Waarin bent u te lief geweest?

‘Ik ga niet naar mijn werk om vrienden te maken, maar om mijn werk te doen. Om Nederland veiliger te maken. O man, hoe lang het heeft geduurd om het delen van een beetje dreigingsinformatie in Nederland mogelijk te maken. Daar wil ik nog minder geduldig in zijn. Ik heb voor alles en iedereen respect maar ga er niet meer een lief verhaaltje van maken.’

Moest u zich aanpassen?

‘Mijn hele leven al. Zoals iedere vrouw – en sommige mannen trouwens ook – ben ik gedrild in sociaal wenselijk gedrag. Daar ben ik klaar mee. Toen ik eind jaren negentig promotie kreeg bij de AIVD, stond ik na afloop met drie mannen in een ruimte. Een van hen zei: ‘En, heb je de jurk bewaard?’ In die periode speelde de affaire-Lewinsky. Ik was flabbergasted, reageerde met een flauwe lach. Ik had niet de assertiviteit z’n neus te breken.

‘Er zijn heel wat mensen die een hekel aan mij hebben bij de dienst omdat ze vinden dat ik hun carrière heb gedwarsboomd. Als je niet competent bent en je werkt met mij, dan wordt dat zichtbaar. Als ik ergens binnenkom, ga ik voor de slagader. Ik wil daar niet meer omheen kletsen.’
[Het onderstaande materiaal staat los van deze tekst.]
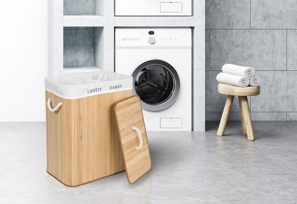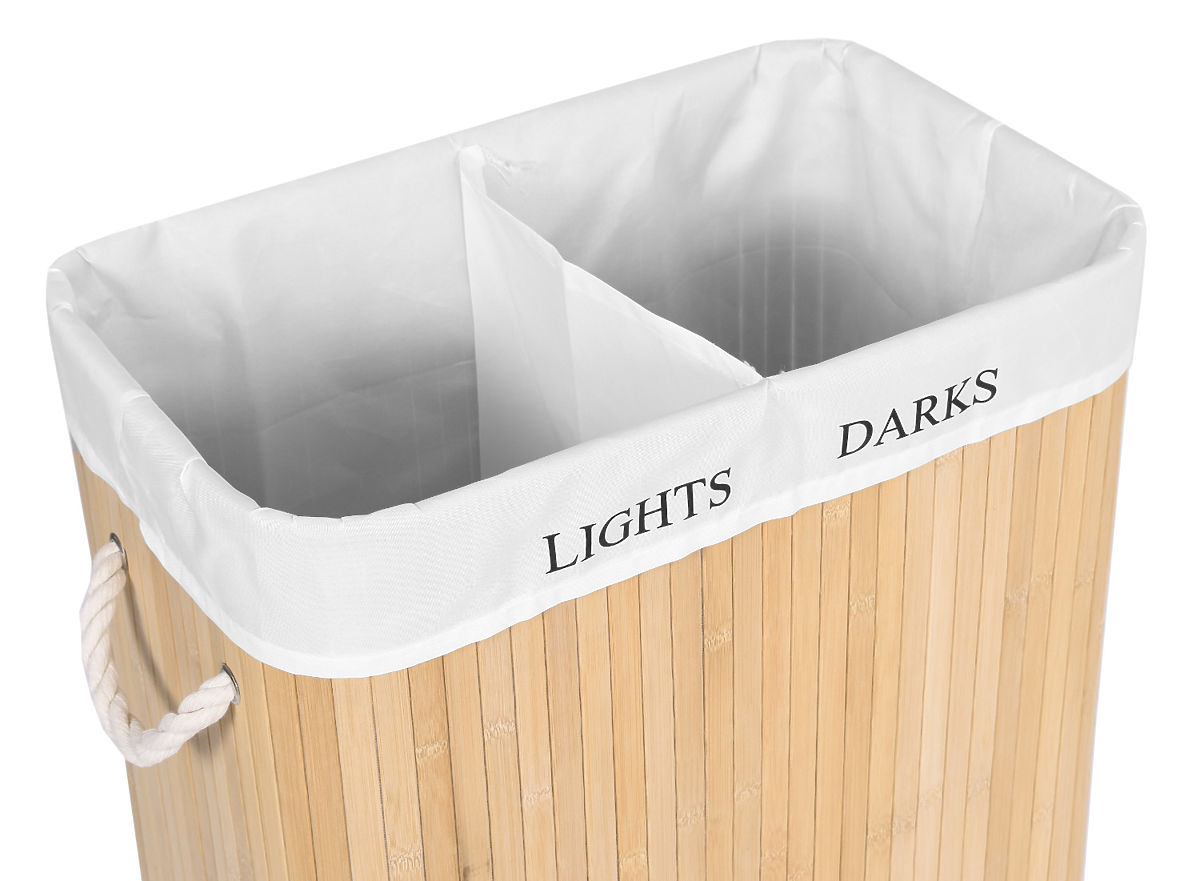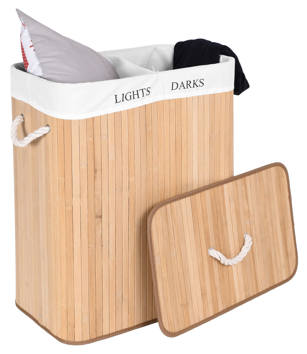 Panier à linge en bambou avec 2 compartiments naturel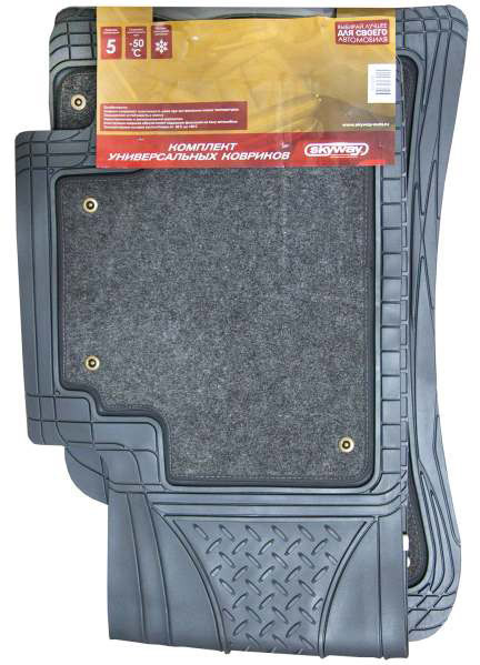 Коврик салона Skyway Cold-2 со съемным ковролином — комплект ковриков из эластичного материала, который не боится резких перепадов температур и сохраняет свою форму в любых условиях. Основа из гибкого водонепроницаемого полиуретана. Съемные накладки из теплого и легкого ковролина делают коврики необычными и дополняют дизайн. Ковролин при желании можно отстегнуть или пристегнуть на клепки.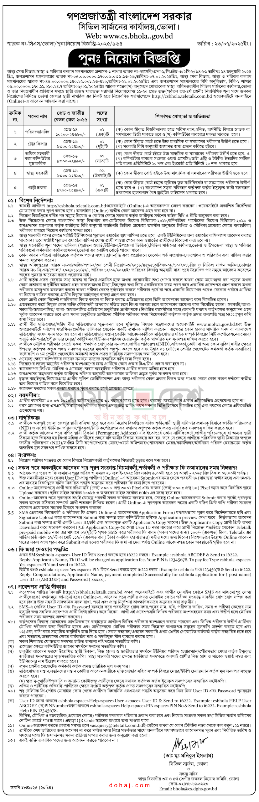 CS Bhola Job Circular 2025: সিভিল সার্জন এর কার্যালয়, ভোলা এর শূন্য পদসমূহে জনবল নিয়োগের বিজ্ঞপ্তি প্রকাশ হয়েছে। ভোলা সিভিল সার্জন এর কার্যালয়ে ০৫ টি পদে মোট ৭০ জনকে নিয়োগ দেয়া হবে। উক্ত পদ গুলোতে নারী-পুরুষ উভয়ই আবেদন করতে পারবেন। আগ্রহ ও যোগ্যতা থাকলে আপনিও আবেদন করতে পারেন। আগ্রহী প্রার্থীরা অনলাইনে আবেদন করতে পারবেন। সম্পূর্ণ বিজ্ঞপ্তি বিস্তারিত দেওয়া হল।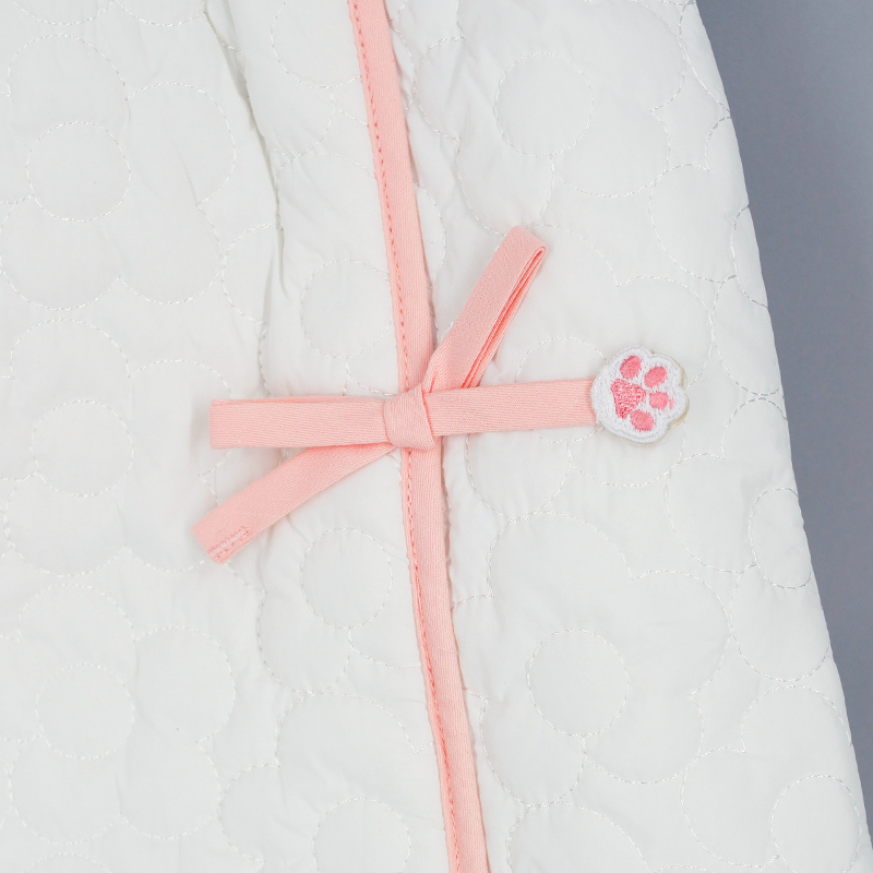 橡筋腰頭, 間棉設計, 蝴蝶結, 貓咪腳印裝飾, 撞色包邊, 花花圖案間棉布, 合身款式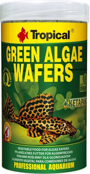 Green Algae Waffers to roślinny pokarm w postaci tonących wafelków z dodatkiem spiruliny, przeznaczony do codziennego karmienia tych gatunków ryb z rodziny Loricariidae, które w diecie wymagają znacznego udziału składników pochodzenia roślinnego i glonów, np. Sturisoma aureum, Pterygoplichthys pardalis, Panaque maccus itp.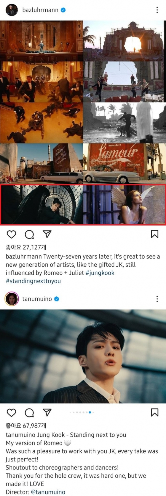 바즈 루어만은 지난 3일 정국이 발매한 솔로 앨범 'GOLDEN'(골든)의 타이틀곡 'Standing Next to You'(스탠딩 넥스트 투 유)의 뮤직비디오 장면과 1996년 자신이 감독, 공동 각본, 제작한 대작 영화 '로미오와 줄리엣'의 장면을 일치시켜 편집한 사진을 게시하며 뮤직비디오에 대한 뜨거운 관심을 엿보게 했고 보는 이들에게는 신선한 재미를 선사했다.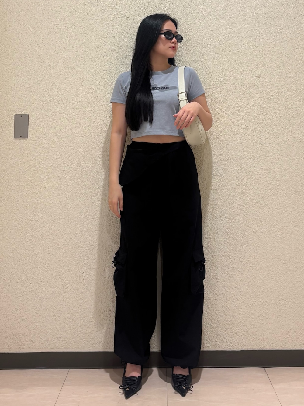 【ナイロンパンツのカジュアルコーデ】 -tops-ロゴ入りのグレー系クロップドTシャツ。シンプルですがフィット感と丈感でカジュアルっぽい抜け感を出せます。 -pants-ゆるっとしたシルエットのブラックカーゴパンツ。ウエストバッグがコーデにポイントをプラスして、こなれた雰囲気に。 -shoes-傾斜が高すぎず合皮なので馴染みやすいパンプスです。24.0でLだとキツすぎずちょうど良かったです。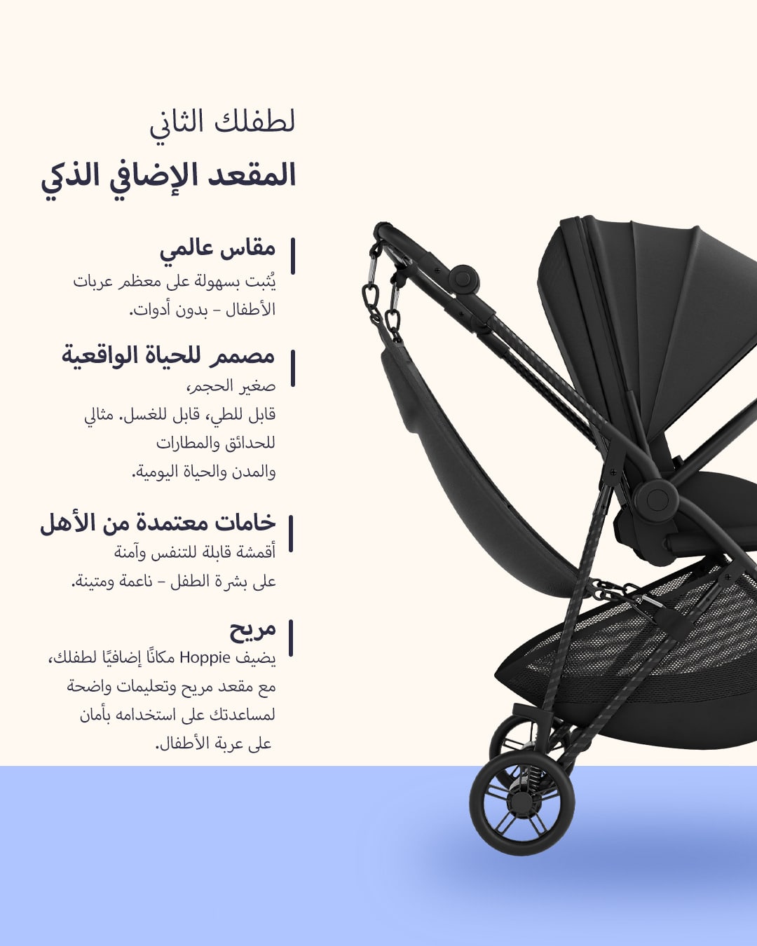 Hoppie adds an extra riding spot for your child, with a cozy seat and clear instructions to help you use it safely on your stroller.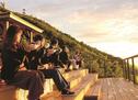 午前6時30分ごろになると、空は明るくなってきたが、雲は消えない。残念ながら日の出は拝めなかったが、雲の切れ間から見える日の光が幻想的な雰囲気を醸し出していた。澄んだ空気に包まれ、美しい山並みや眼下に広がる田園風景を眺めながら、温かい朝食をいただく。
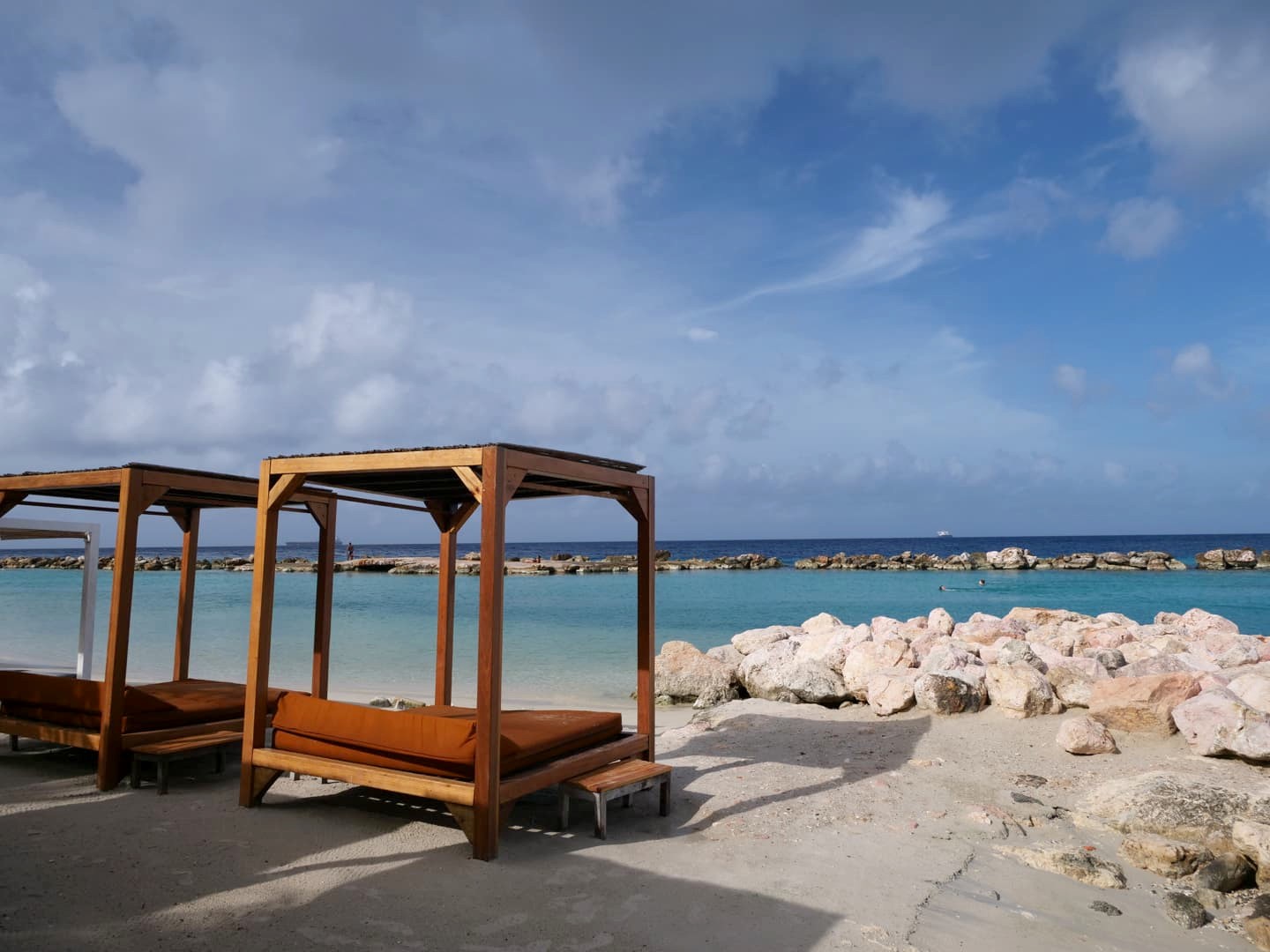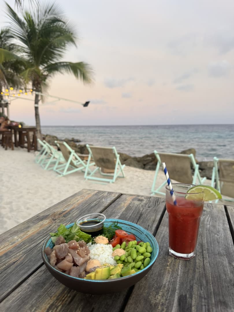 Karakter Beach n’est pas la plus belle plage de l’île, mais son attrait principal est que c’est l’une des seules à offrir gratuitement les transats si vous consommez. En plus de ça, leur restaurant est probablement l’un des meilleur pour manger les pieds dans le sable à Curaçao (un peu plus cher qu’ailleurs mais cuisine délicieuse et très recherchée).

Ja, ze kan een drammer zijn, zegt ze met een glimlach aan het Spaarne in Haarlem. ‘Dat is niet leuk voor anderen – en trouwens ook niet altijd voor mezelf.’ Maar ze kan niet anders, vindt ze. Want het gaat haar om de veiligheid van Nederland en met de aanzwellende golf van digitale aanvallen is de urgentie groot.

Een leven lang zet Inge Bryan (52) zich al in voor die veiligheid. Eerst bij inlichtingendienst AIVD, waar ze zich twintig jaar geleden hard maakte voor meer digitale expertise. Op haar voorspraak haalde de dienst hackers van buiten naar binnen. Later als plaatsvervangend hoofd van de Dienst Landelijke Recherche, waar ze de invoering van de hackwet voorbereidde, die het mogelijk maakt om computers en telefoons te hacken. Daarna als directeur cybersecurity bij accountantskantoor Deloitte en sinds een jaar als eindverantwoordelijke bij Fox-IT. Ze is tevens voorzitter van het samenwerkingsverband Anti-Abuse Netwerk (AAN) en adviseert de politie over de hervorming van de Landelijke Eenheid.

Bij Fox-IT haalde ze direct de banden aan met de politie en AIVD. Ze wil meer dreigingsinformatie delen – ‘in het publieke belang’. Bryan ziet dat de overheid en concurrerende bedrijven de kaarten tegen de borst houden, maar heeft daar weinig begrip voor.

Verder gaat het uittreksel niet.